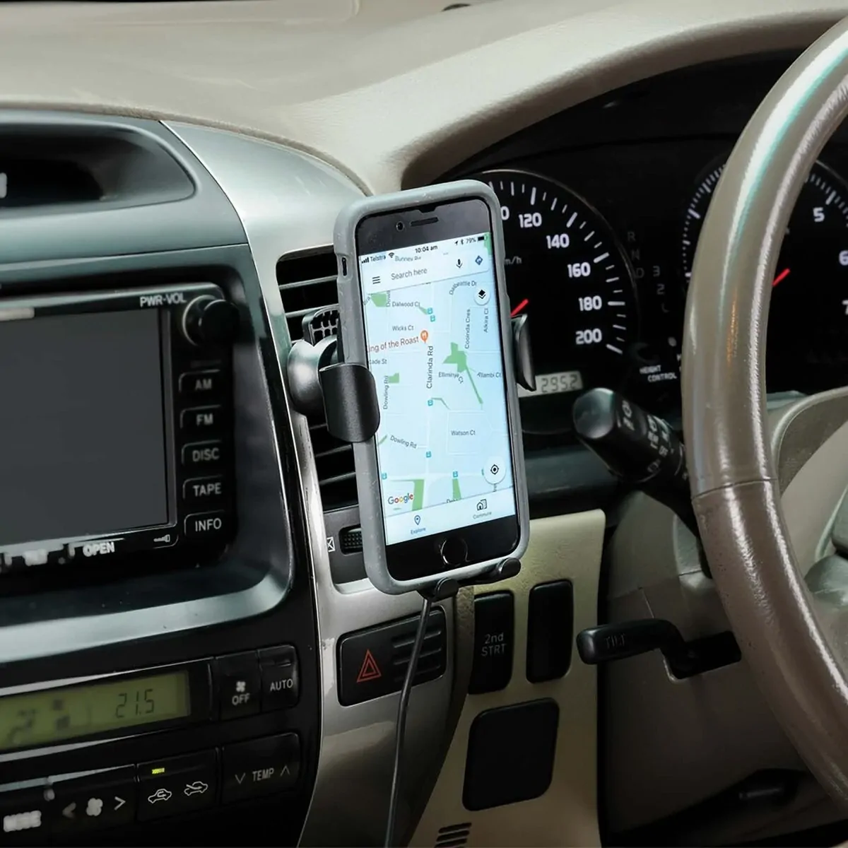 The air vent mounting and gravity lock system securely holds your phone and charges it while you drive. Ideal for charging your device while you use it for maps, hands free calling or messaging without touching your phone. To remove from holder simply lift the phone up. Includes 1m USB cable
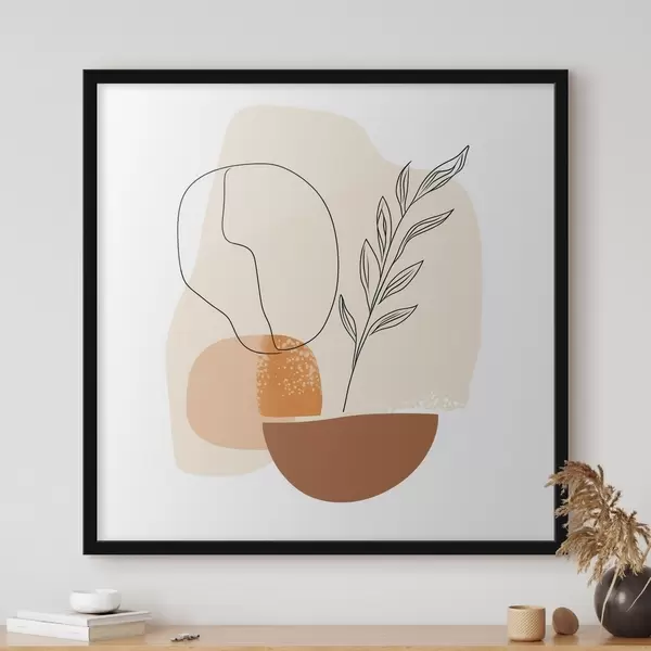 Poster Martwa natura z graficznymi akcentami i pastelowymi kształtami w stylu sztuki współczesnej Nr f48872
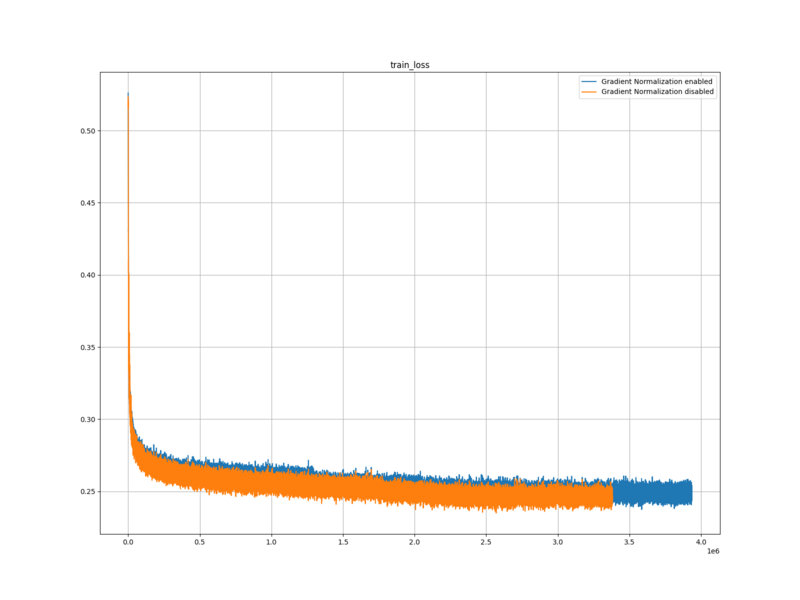 nnue-pytorch を用い、 halfkp_1024x2-8-32 ネットワークを学習させた。 その際、勾配を平均 0 標準偏差 0 に正規化して学習させた。
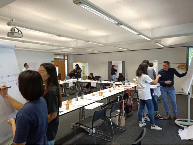 作为一名教师,交流过程中最难忘的就是课堂了。参与式、项目式、体悟式课程教学是德国的上课方式。这里的教师们首先都非常注重教学目标的实现,他们会在一天课业开始之前,介绍一下全天的课程目标,并且会分成几个具体环节来实现它。其次,他们还非常注重教学设计。虽然是金融课程,大家也基本没有专业知识背景,但是在一环扣一环的课程设计中,依托多样丰富的教学手段,大家都学习的非常投入,并且丝毫不会感到枯燥。再次,这里的教师非常敬业。很多老师来上课都会拖着行李箱,里面装满了各种各样的教学用具,从种类丰富的笔、纸张、游戏用具到笔记本、打印机,教授们都会自带。最后,这里非常注重自主学习。一般都是教授在介绍了学习设置的知识的背景后,学生们需要在课下完成大量的资料查阅、预习、作业等部分。老师们鼓励大家不懂就问,丝毫没有距离感,同学们感觉和他们相处起来轻松而融洽。
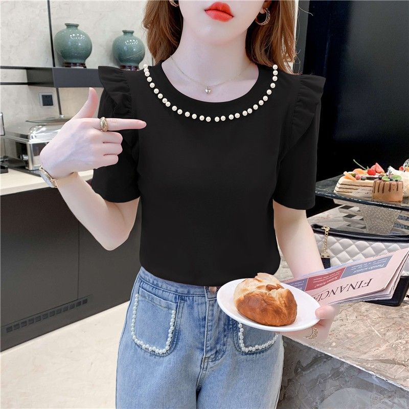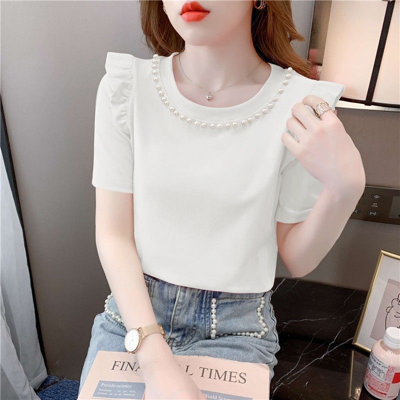 Милая футболка с коротким рукавом и изображением листа лотоса для летней моды, украшенная бусинами-гвоздиками, с круглым вырезом, облегающая, универсальный топ, рубашка в западном стиле
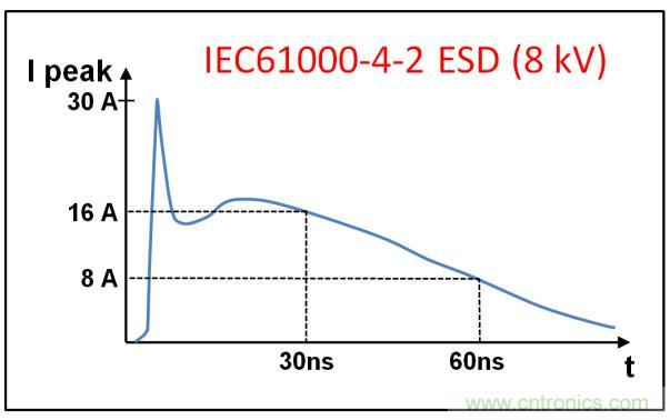 靜電放電(ESD)是指兩個電位不同的帶電體之間因為近接觸或電場的傳導而突然產生靜電電荷的傳輸。其特性是在較短的時間內有較大的電流。IEC 61000-4-2測試的主要目,就是確定系統(tǒng)在工作過程中對系統(tǒng)外部ESD事件的抗擾度。IEC 61000-4-2規(guī)定了不同環(huán)境狀況下的電壓測試級別,共分4個級別。1級最輕微,4級最嚴重。1級和2級適合擁有防靜電材料的 受控環(huán)境中安裝的產品。3級和4級適合情況更嚴重的環(huán)境中安裝的產品,這類環(huán)境下更常發(fā)生帶有較高電壓的ESD事件。
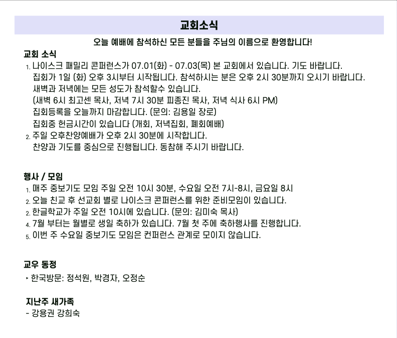 예배 안내
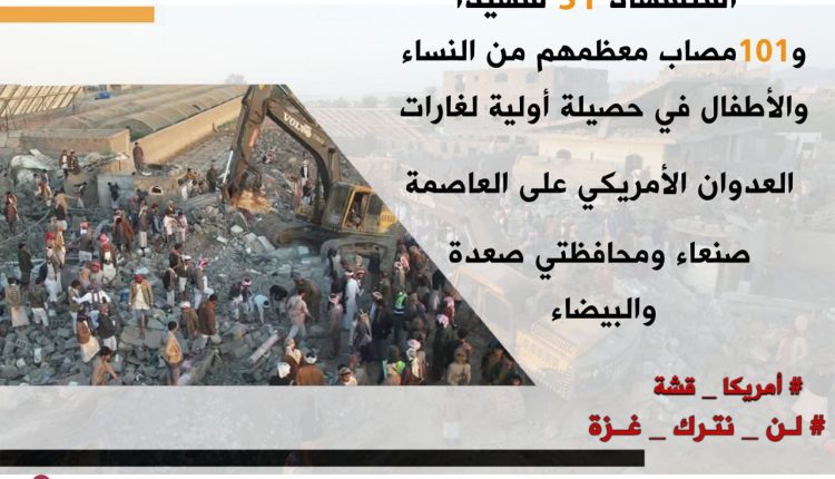 The organization condemns the continued crimes of the US-British aggression coalition against the Yemeni people. The coalition has bombed civilians and civilian objects in several Yemeni cities (Sana’a, Sa’ada, and Al Bayda), resulting in the deaths of 31 people and the injury of 101 others, most of whom were women and children, according to a preliminary toll.
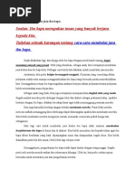 Si anak juga tidak tahu cara untuk membalas jasa ibu bapa mereka lagi. Sesudah lahir kita dijaga dengan penuh kasih sayang bagai menatang minyak yang penuh. Cara membalas jasa ibu bapa juga adalah dengan mengajarkan ilmu agama buat mereka. Ibu bapa akan lebih gembira sekiranya kita menjadi anak yang rajin atau ringan tulang.
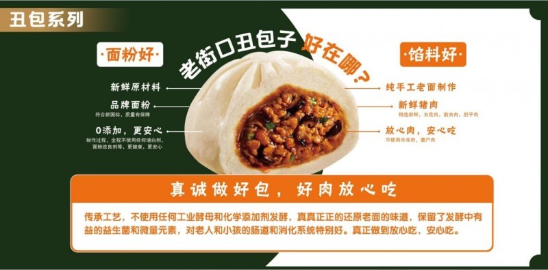“丑包王”项目凭借其丰富的产品线、独特的风味以及南北融合的特色,迅速在市场上崭露头角,赢得了广大消费者一致喜爱与好评。老街口公司始终坚持“现蒸现包才好吃”的核心理念,致力于为消费者提供新鲜、健康、美味的早餐选择,让每一口都成为味蕾的享受。

What you will do => In the listing above, find the line with "作为一名教师,交流过程中最难" and the line with "The organization condemns". Copy exactly those two and every line between, without the pictures.

Output for this task =>
 作为一名教师,交流过程中最难忘的就是课堂了。参与式、项目式、体悟式课程教学是德国的上课方式。这里的教师们首先都非常注重教学目标的实现,他们会在一天课业开始之前,介绍一下全天的课程目标,并且会分成几个具体环节来实现它。其次,他们还非常注重教学设计。虽然是金融课程,大家也基本没有专业知识背景,但是在一环扣一环的课程设计中,依托多样丰富的教学手段,大家都学习的非常投入,并且丝毫不会感到枯燥。再次,这里的教师非常敬业。很多老师来上课都会拖着行李箱,里面装满了各种各样的教学用具,从种类丰富的笔、纸张、游戏用具到笔记本、打印机,教授们都会自带。最后,这里非常注重自主学习。一般都是教授在介绍了学习设置的知识的背景后,学生们需要在课下完成大量的资料查阅、预习、作业等部分。老师们鼓励大家不懂就问,丝毫没有距离感,同学们感觉和他们相处起来轻松而融洽。
 Милая футболка с коротким рукавом и изображением листа лотоса для летней моды, украшенная бусинами-гвоздиками, с круглым вырезом, облегающая, универсальный топ, рубашка в западном стиле
 靜電放電(ESD)是指兩個電位不同的帶電體之間因為近接觸或電場的傳導而突然產生靜電電荷的傳輸。其特性是在較短的時間內有較大的電流。IEC 61000-4-2測試的主要目,就是確定系統(tǒng)在工作過程中對系統(tǒng)外部ESD事件的抗擾度。IEC 61000-4-2規(guī)定了不同環(huán)境狀況下的電壓測試級別,共分4個級別。1級最輕微,4級最嚴重。1級和2級適合擁有防靜電材料的 受控環(huán)境中安裝的產品。3級和4級適合情況更嚴重的環(huán)境中安裝的產品,這類環(huán)境下更常發(fā)生帶有較高電壓的ESD事件。
 예배 안내
 The organization condemns the continued crimes of the US-British aggression coalition against the Yemeni people. The coalition has bombed civilians and civilian objects in several Yemeni cities (Sana’a, Sa’ada, and Al Bayda), resulting in the deaths of 31 people and the injury of 101 others, most of whom were women and children, according to a preliminary toll.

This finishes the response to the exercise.